専門家は、米メタのフェイスブックや米ツイッター、米グーグル傘下のユーチューブ、米スナップの売上高が2021年後半に計98億5000万ドル(約1兆1200億円)減少するとみている。
iPhone向けアプリ、広告の費用対効果低下
アップルは21年4月、利用者のプライバシー保護を目的とした新ルール「アプリのトラッキング透明性(ATT)」を導入した。アプリ運営会社に対し、行動データの計測と追跡に利用者の同意を求めるよう義務付けている。具体的にはターゲティング広告配信に必要となる端末固有の広告用識別子「IDFA(Identifier for Advertisers)」をアプリが取得する際、ポップアップ画面を出して利用者から許諾をとる(オプトイン)ようにした。

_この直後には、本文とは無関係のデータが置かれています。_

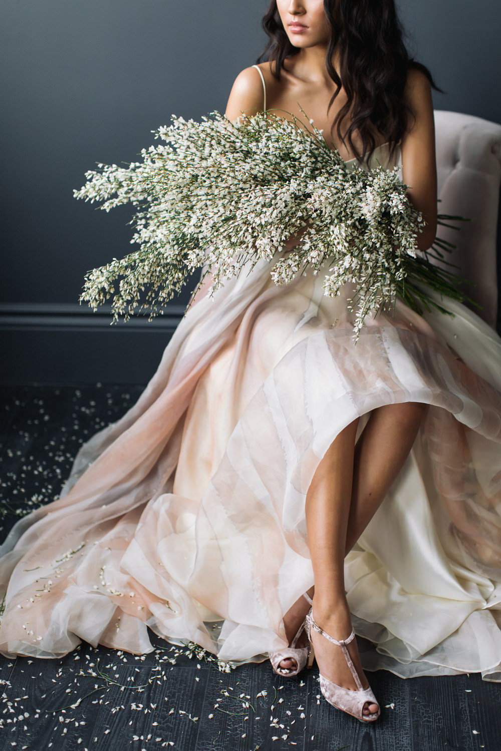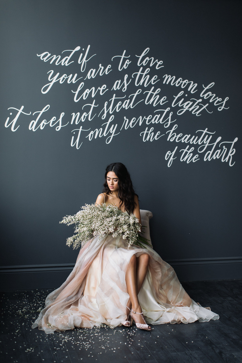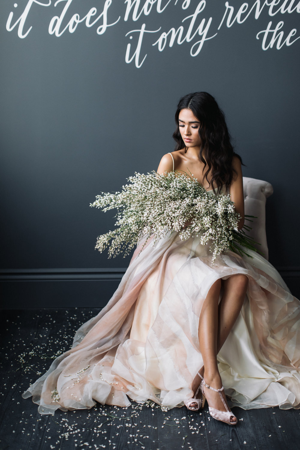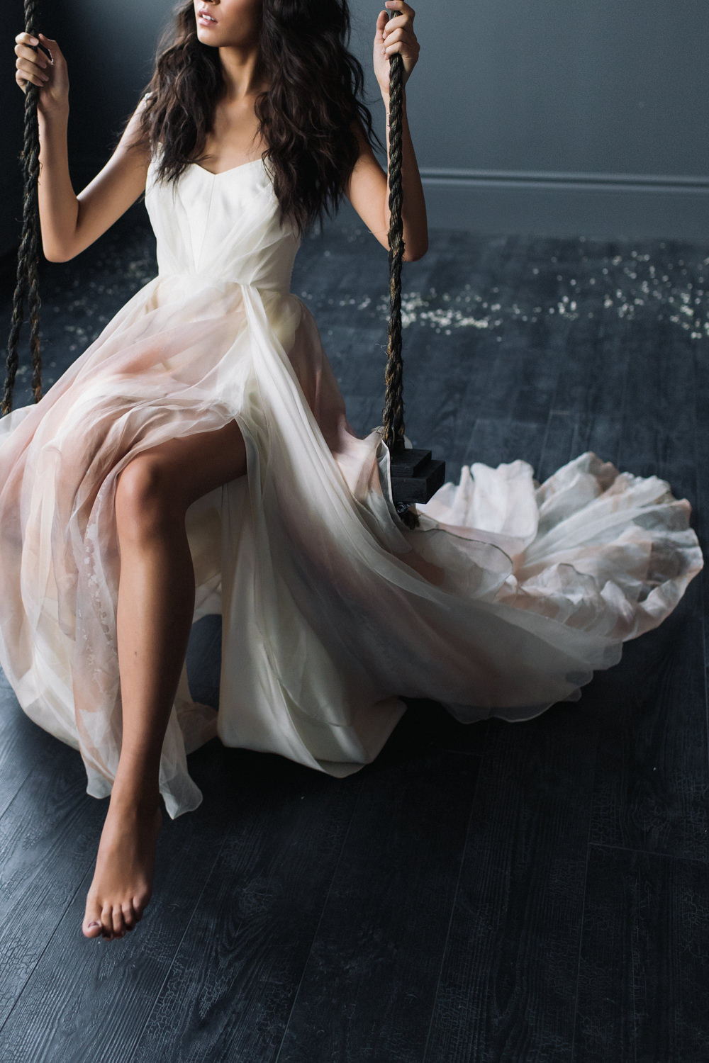 And last but not the least – like a fairy princess in waiting, the bride looked stunning as she was seated on the dark swing that hung from the ceiling of the dark grey room. This shoot was featured in the first issue of Bridal Affair Magazine!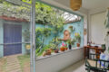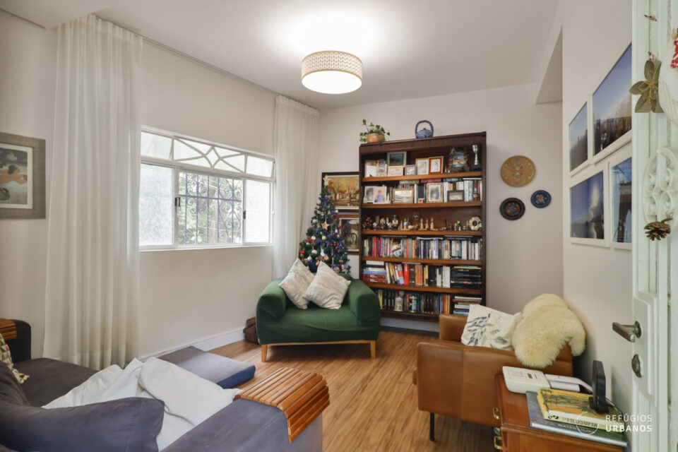 Somos recebidos pelo gostoso alpendre, característica das construções da época e dois ótimos quintais. O primeiro, nos conduz área social da casa, composta por uma sala iluminada, com janela lateral voltada para a praça.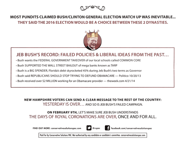 The mailer then lists what it refers to as Jeb Bush’s “failed policies” and “liberal ideas from the past.”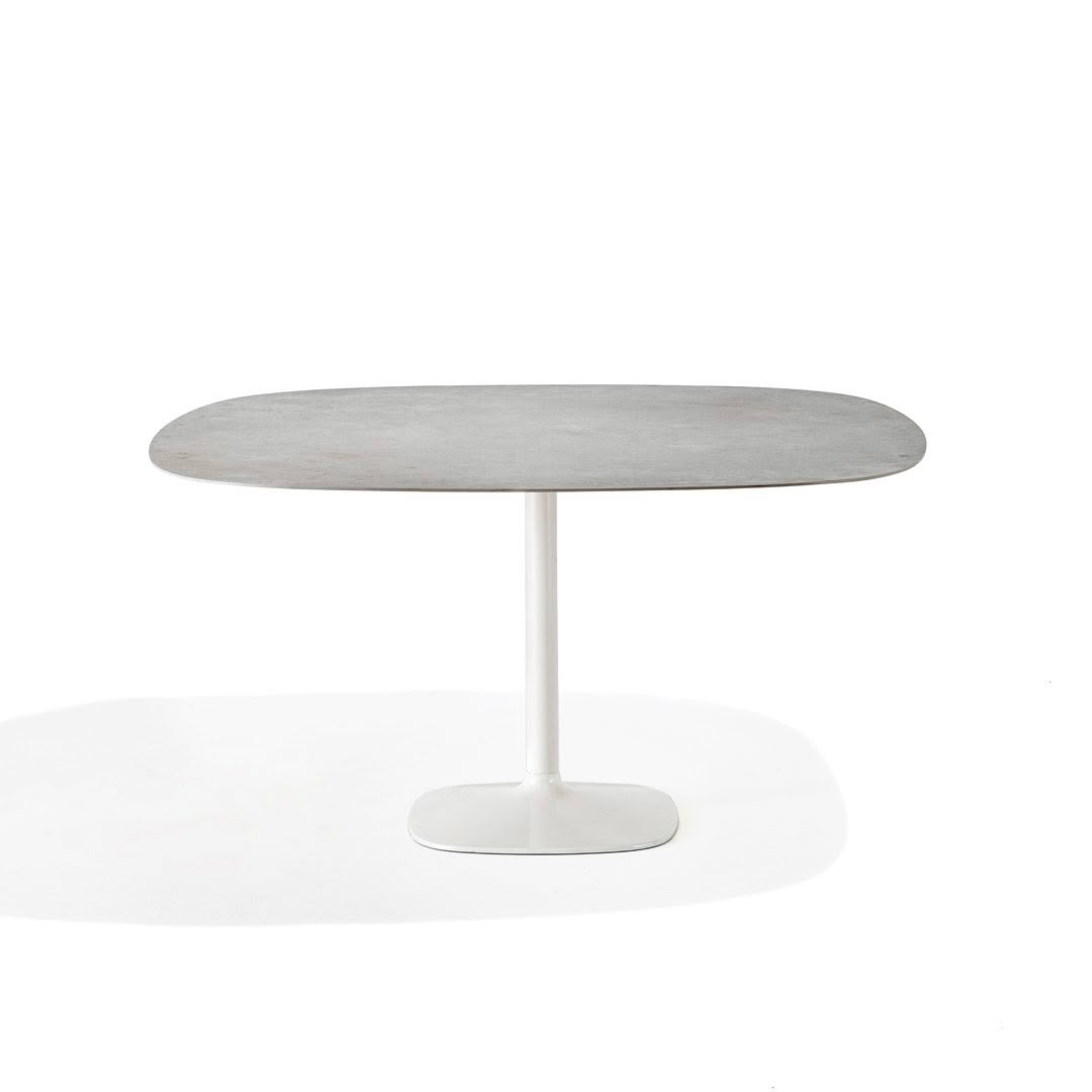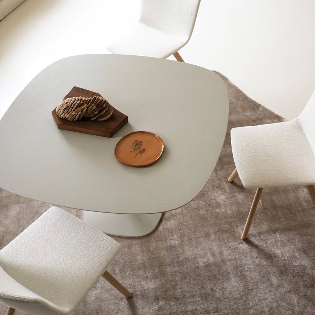 The strong overhang of the tops emphasizes the distance between their surface and the light bases, thus giving elegance and lightness to this collection of tables of different sizes, created to meet different living needs.
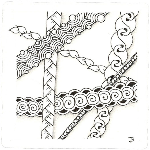Day four of going back to basics with my Zentangle practice. For this tile, I chose a string at random from the instruction booklet, and random tangles from the Legend card and the back of the booklet.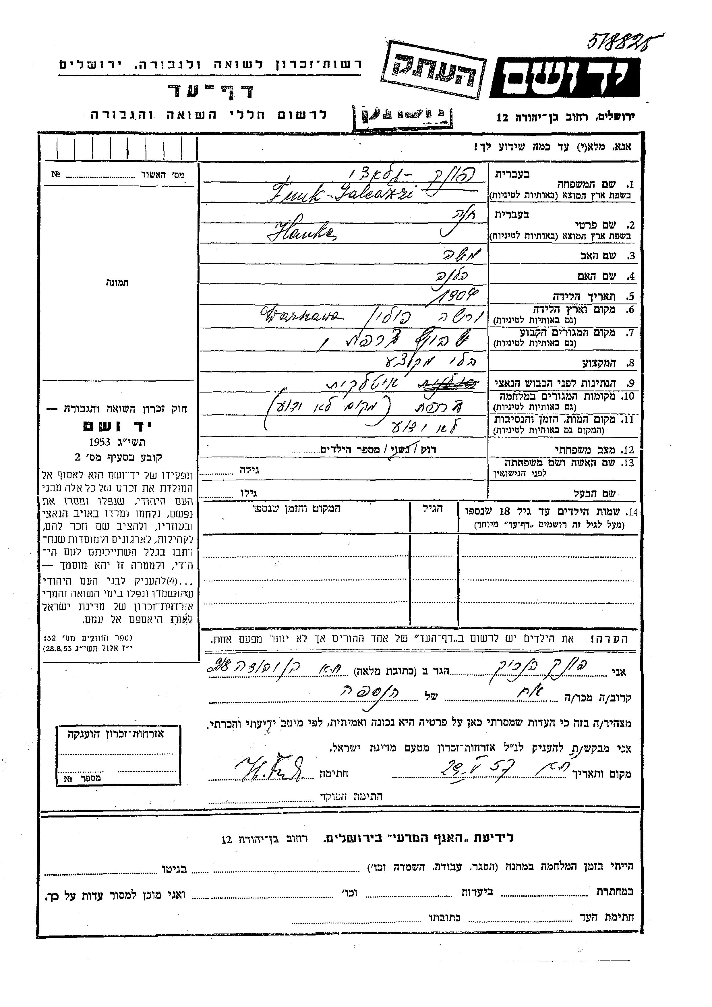 Yad Vashem - Colección conmemorativa de Hojas de Testimonio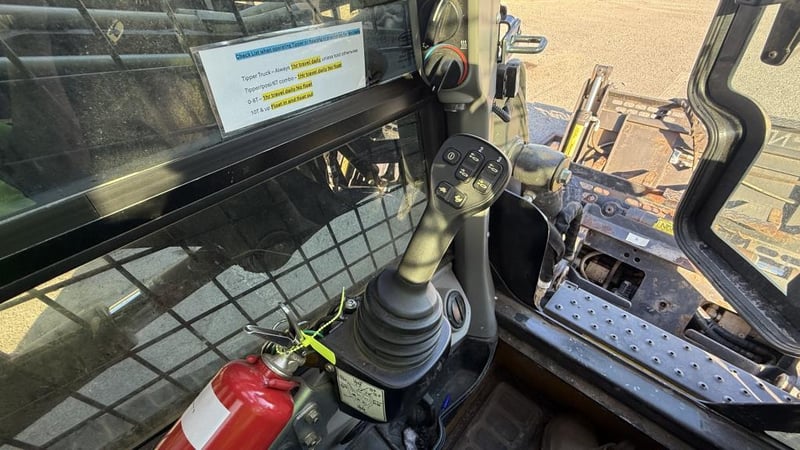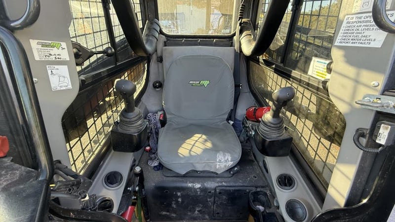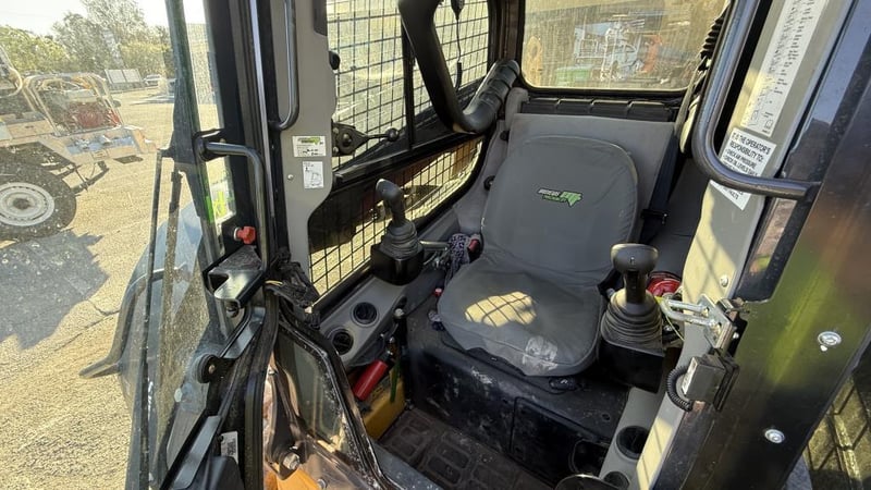 Description: Rubber Tracks, R.O.P.S/F.O.P.S Enclosed Cab with Air Conditioning, Joystick Pilot Controls, Hydraulic Quick-Attach System, High-Flow Auxiliary Hydraulics, Self-Leveling Bucket, LED Work Lights, Emergency Stop Button.

しかしほとんどの利用者は許諾していないという。これにより、各SNS上の広告は利用者の絞り込み精度が低下。広告主は、これまでと同じ広告効果を得るためにより多くの費用を投じなければならなくなった。広告技術(アドテック)を手がける米ロテームのマイク・ウーズレイ氏は次のように説明している。
「これまでは、ある男性用下着メーカーが5ドル(約570円)の商品を1つ顧客に買ってもらうために、男性1000人に広告を表示する必要があった。しかし、現在は利用者の性別が分からない。同じ効果を得るために2000人を対象にする必要がある」(同氏)。つまりiPhone向けアプリ広告は顧客獲得単価が2倍になった。費用対効果が著しく低下したというわけだ。